A great deal of media chatter promised that this year's festival was going to offer a relief from the ''dark'' ingrown dramas of years past. This time, there would be fun movies — comedies, dammit! It turned out to be true, yet What Just Happened?, a Hollywood satire that finds Barry Levinson returning to the gently merciless, bombs-away mode of Wag the Dog, couldn't even find a distributor. (One rumor was that it hit them too close to home.) The irony is that the crushing of art by commerce is something the movie takes blithely for granted. The hero is a powerful producer, played by Robert De Niro, but he's little more than an errand boy, a giant cog nudging the cogs below him. The movie rambles on a bit, yet it has priceless laugh-out-loud lines, and it's held together by De Niro, who musters a nagging warmth beneath his grumbly facade. I also laughed at, and was enchanted by, The Great Buck Howard, which gives John Malkovich the showcase he deserves. His Buck Howard, a fictionalized version of the Amazing Kreskin, is a former superstar of ''mentalism,'' now a relic of the early '70s. It's a movie in love with kitsch, with the backwaters of showbiz, with genuine magic.

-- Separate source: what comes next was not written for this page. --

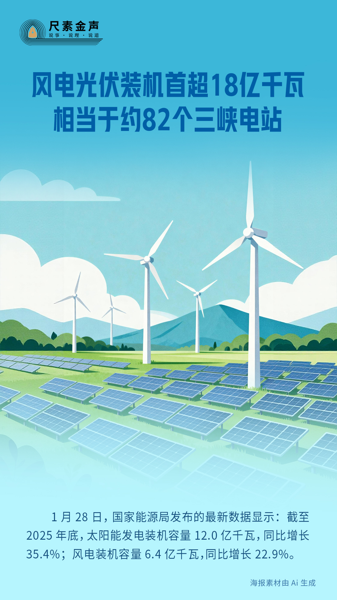 1月28日,國家能源局發(fā)布的最新數據顯示:截至2025年底,太陽能發(fā)電裝機容量12.0億千瓦,同比增長35.4%;風電裝機容量6.4億千瓦,同比增長22.9%。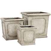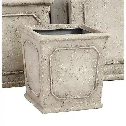 "Designed in the simple, yet elegant Directoire style with classic clipped corner panels. This weather-resistant planter has the elegant look of stone, but without the high price and weight. Crafted of durable, outdoor safe stone composite with a drainage hole and plug in the base.Rodin Square Plant...more

I go to Sundance looking for good films, but what I'm really out to discover is a voice. I found one when I saw Momma's Man, a shaggy, wise, poker-faced comedy of discombobulation that reinvents — and purifies — that Sundance staple, the quirky family drama. It was written and directed by Azazel Jacobs, the son of avant-garde filmmaker Ken Jacobs, and what Jacobs (the younger) has done is to morph his own life into fiction by casting his parents as the parents in the movie — and by shooting most of it in their ancient Manhattan loft, a cavernous hole-in-the-wall, crammed with toys, technology, and a lifetime's worth of junk, that is one of the most spectacularly colorful and eccentric movie sets you've ever seen. On a business trip, schlumpy Mikey (Matt Boren) stops off to see his folks — and won't leave. Jacobs' style recalls early Jim Jarmusch, only more so, and Ken and Flo Jacobs are like the Nichols and May of wacked, monosyllabic New York bohemia.